作者: Katherina Hemmen*1, Susobhan Choudhury*1, Mike Friedrich1, Johannes Balkenhol1, Felix Knote1, Martin J. Lohse2, Katrin G. Heinze1 1Rudolf Virchow Center for Integrative and Translation Bioimaging,Julius-Maximilian University Wuerzburg, 2Max Delbrück Center for Molecular Medicine, Berlin
简介:

Overview

This article presents a detailed experimental protocol for live cell dual-color fluorescence cross-correlation spectroscopy (FCCS) combined with Förster Resonance Energy Transfer (FRET). The method is aimed at studying the dynamics of membrane receptors, specifically G protein-coupled receptors, in live cells.

Key Study Components

Area of Science

  • Neuroscience
  • Cell Biology
  • Fluorescence Microscopy

Background

  • Fluorescence cross-correlation spectroscopy is a statistical method for analyzing receptor dynamics.
  • The study focuses on beta-2 adrenergic receptors and their interactions.
  • Fluorescence anisotropy provides insights into rotational diffusion dynamics.
  • FRET allows for the observation of binding and conformational changes in receptors.

Purpose of Study

  • To develop a protocol for studying membrane receptor dynamics in live cells.
  • To utilize modern fluorescence labeling techniques for enhanced analysis.
  • To provide a comprehensive workflow for data analysis in FCCS and FRET.

Methods Used

  • Preparation of CHO cells under sterile conditions.
  • Transfection of cells with SNAP-tagged vectors.
  • Calibration of the FRED FCS setup for accurate measurements.
  • Collection of auto and cross-correlation data for analysis.

Main Results

  • Successful implementation of dual-color FCCS and FRET in live cells.
  • Quantitative analysis of receptor dynamics and interactions.
  • Validation of the experimental setup through calibration and control measurements.
  • Insights into the diffusion dynamics of beta-2 adrenergic receptors.

Conclusions

  • The protocol provides a robust framework for studying receptor dynamics.
  • Combining FCCS and FRET enhances the understanding of molecular interactions.
  • This method can be applied to various receptor types for dynamic studies.
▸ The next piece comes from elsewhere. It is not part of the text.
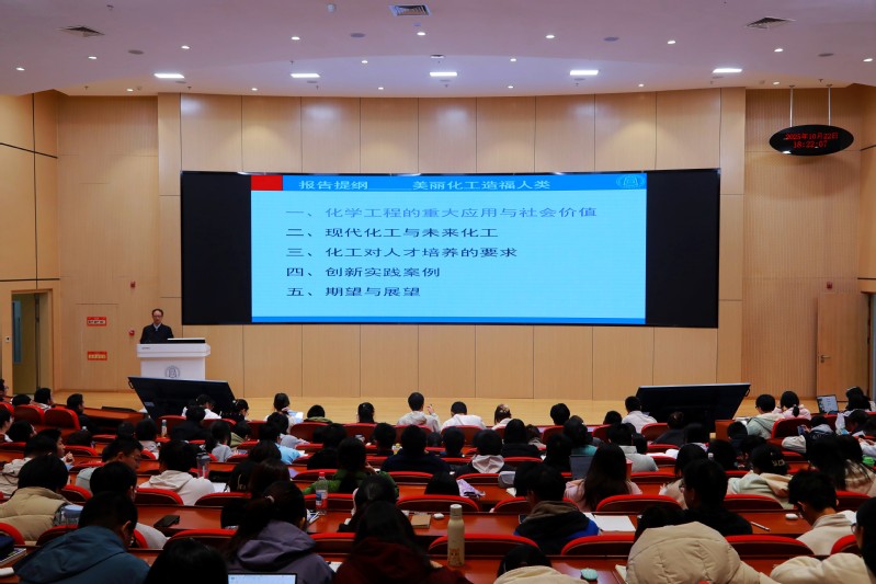 陈建峰院士以“为什么要上大学”“在大学想做什么”“怎么做”三个问题为引,指出科技创新为人类文明进步提供不竭动力,工程科技是改变世界的重要力量。他系统回顾了化学工程学科的百年演进历程与发展趋势,系统阐述了化学工程在衣食住行等日常生活各领域所带来的深刻影响,有力论证了未来化工必然朝着高端化、智能化、绿色化的方向迈进。在此基础上,他进一步指出新时代化工人才应具备的核心精神品质——高尚的爱国主义情怀、积极的创新意识与自强不息的奉献精神,并以团队在超重力反应强化领域创新实践为例,进一步揭示了创新在工程实践中的强大驱动力。最后,陈建峰院士勉励同学们志存高远、脚踏实地,自立自强、开拓创新,把个人抱负与国家需求融为一体,在报效国家的同时实现个人价值,成为强国建设、民族复兴伟业的国家栋梁、大科学家、大工程师。

Frequently Asked Questions

What is FCCS?
Fluorescence cross-correlation spectroscopy (FCCS) is a technique used to analyze the dynamics of fluorescently labeled molecules in live cells.
How does FRET work?
Förster Resonance Energy Transfer (FRET) occurs when energy is transferred from a donor fluorophore to an acceptor fluorophore, indicating molecular interactions.
What are beta-2 adrenergic receptors?
Beta-2 adrenergic receptors are a type of G protein-coupled receptor involved in various physiological responses, including smooth muscle relaxation.
Why is calibration important in FCCS?
Calibration ensures accurate measurements of fluorescence signals and helps define the detection volume for precise analysis.
What cell type is used in this study?
Chinese Hamster Ovary (CHO) cells are used for transfection and analysis in this study.
What is the significance of using dual-color techniques?
Dual-color techniques allow for the simultaneous observation of multiple interactions and dynamics within the same cellular environment.

We present an experimental protocol and data analysis workflow to perform live cell dual-color fluorescence cross correlation spectroscopy (FCCS) combined with Förster Resonance Energy transfer (FRET) to study membrane receptor dynamics in live cells using modern fluorescence labeling techniques.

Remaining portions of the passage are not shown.